***** DATA *****

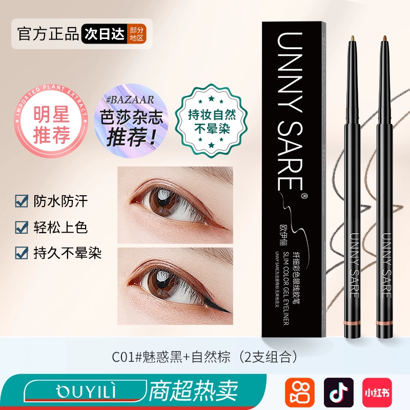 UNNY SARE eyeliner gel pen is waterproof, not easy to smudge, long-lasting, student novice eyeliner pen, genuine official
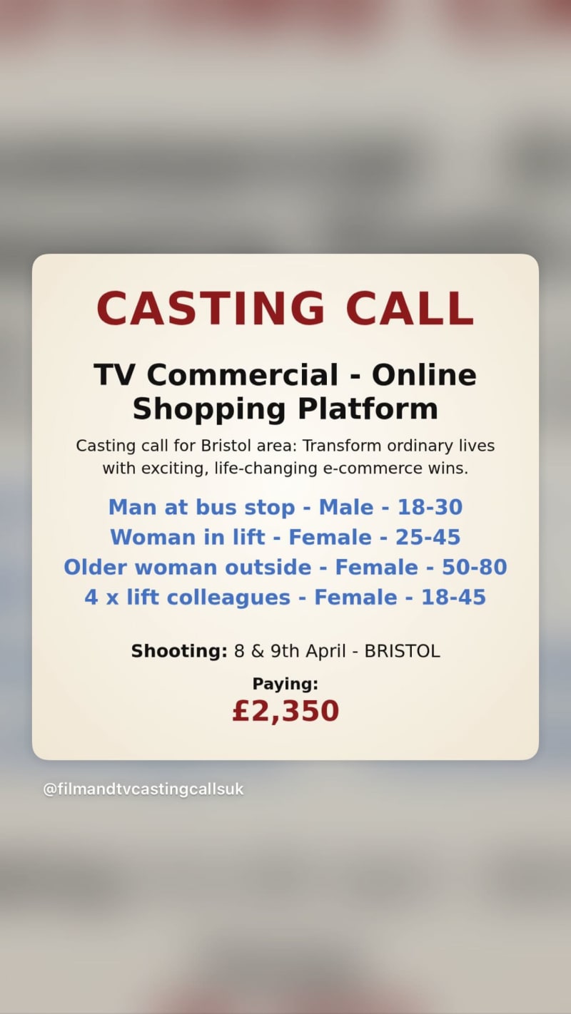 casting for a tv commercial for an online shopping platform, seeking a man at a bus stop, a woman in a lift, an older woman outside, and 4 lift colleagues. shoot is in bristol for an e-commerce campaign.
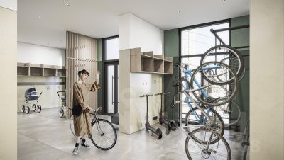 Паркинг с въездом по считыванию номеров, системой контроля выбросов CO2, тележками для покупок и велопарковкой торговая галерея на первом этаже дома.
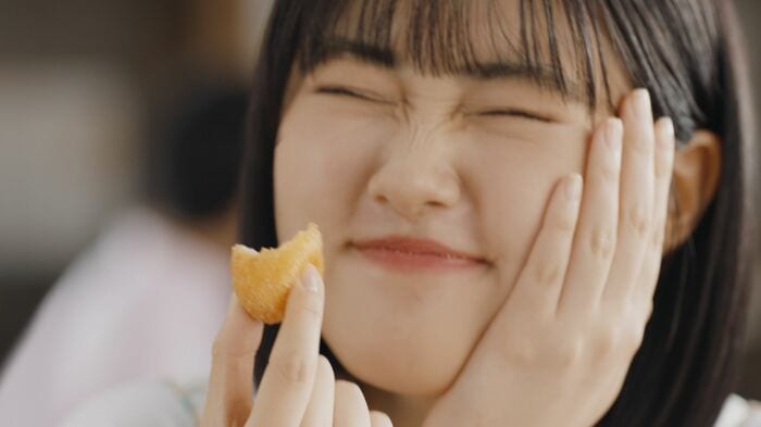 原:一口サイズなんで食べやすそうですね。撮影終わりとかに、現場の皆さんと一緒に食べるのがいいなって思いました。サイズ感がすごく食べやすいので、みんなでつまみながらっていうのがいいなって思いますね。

*****
***** DATA *****

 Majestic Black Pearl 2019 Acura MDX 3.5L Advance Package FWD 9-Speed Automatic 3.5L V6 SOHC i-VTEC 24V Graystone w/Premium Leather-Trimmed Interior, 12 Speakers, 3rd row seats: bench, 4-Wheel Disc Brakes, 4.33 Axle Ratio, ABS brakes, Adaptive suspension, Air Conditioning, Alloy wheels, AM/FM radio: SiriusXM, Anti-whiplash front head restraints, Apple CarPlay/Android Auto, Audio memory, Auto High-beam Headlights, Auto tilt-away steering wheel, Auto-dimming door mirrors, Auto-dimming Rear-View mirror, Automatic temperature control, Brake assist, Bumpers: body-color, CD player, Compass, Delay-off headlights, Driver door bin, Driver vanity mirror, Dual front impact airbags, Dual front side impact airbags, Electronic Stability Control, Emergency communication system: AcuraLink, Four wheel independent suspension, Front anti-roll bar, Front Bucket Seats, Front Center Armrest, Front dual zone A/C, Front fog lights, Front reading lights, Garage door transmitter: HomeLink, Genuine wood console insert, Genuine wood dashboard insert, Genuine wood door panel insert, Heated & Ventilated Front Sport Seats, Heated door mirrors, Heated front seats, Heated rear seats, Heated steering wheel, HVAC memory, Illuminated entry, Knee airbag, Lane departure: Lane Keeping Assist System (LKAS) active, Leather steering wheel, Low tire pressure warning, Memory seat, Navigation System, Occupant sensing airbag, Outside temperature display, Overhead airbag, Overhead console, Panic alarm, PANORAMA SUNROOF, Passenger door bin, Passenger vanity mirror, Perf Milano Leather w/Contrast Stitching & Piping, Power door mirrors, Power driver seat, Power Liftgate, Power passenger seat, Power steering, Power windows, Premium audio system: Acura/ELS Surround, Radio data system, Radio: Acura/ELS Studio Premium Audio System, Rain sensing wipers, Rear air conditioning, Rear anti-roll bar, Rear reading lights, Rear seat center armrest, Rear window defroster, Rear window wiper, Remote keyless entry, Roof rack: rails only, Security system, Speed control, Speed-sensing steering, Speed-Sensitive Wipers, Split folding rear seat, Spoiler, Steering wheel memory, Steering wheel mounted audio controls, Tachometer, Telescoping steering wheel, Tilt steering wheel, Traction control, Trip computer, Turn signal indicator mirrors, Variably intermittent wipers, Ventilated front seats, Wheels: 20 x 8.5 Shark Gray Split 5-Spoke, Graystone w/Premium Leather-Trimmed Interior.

*****

HOW TO COMPLETE THIS TASK:
The answer must be the lines above from the one containing "Паркинг с въездом" through the one containing "原:一口サイズなんで食べやす", reproduced exactly, with no pictures and nothing else.

ANSWER SECTION:
 Паркинг с въездом по считыванию номеров, системой контроля выбросов CO2, тележками для покупок и велопарковкой торговая галерея на первом этаже дома.
 原:一口サイズなんで食べやすそうですね。撮影終わりとかに、現場の皆さんと一緒に食べるのがいいなって思いました。サイズ感がすごく食べやすいので、みんなでつまみながらっていうのがいいなって思いますね。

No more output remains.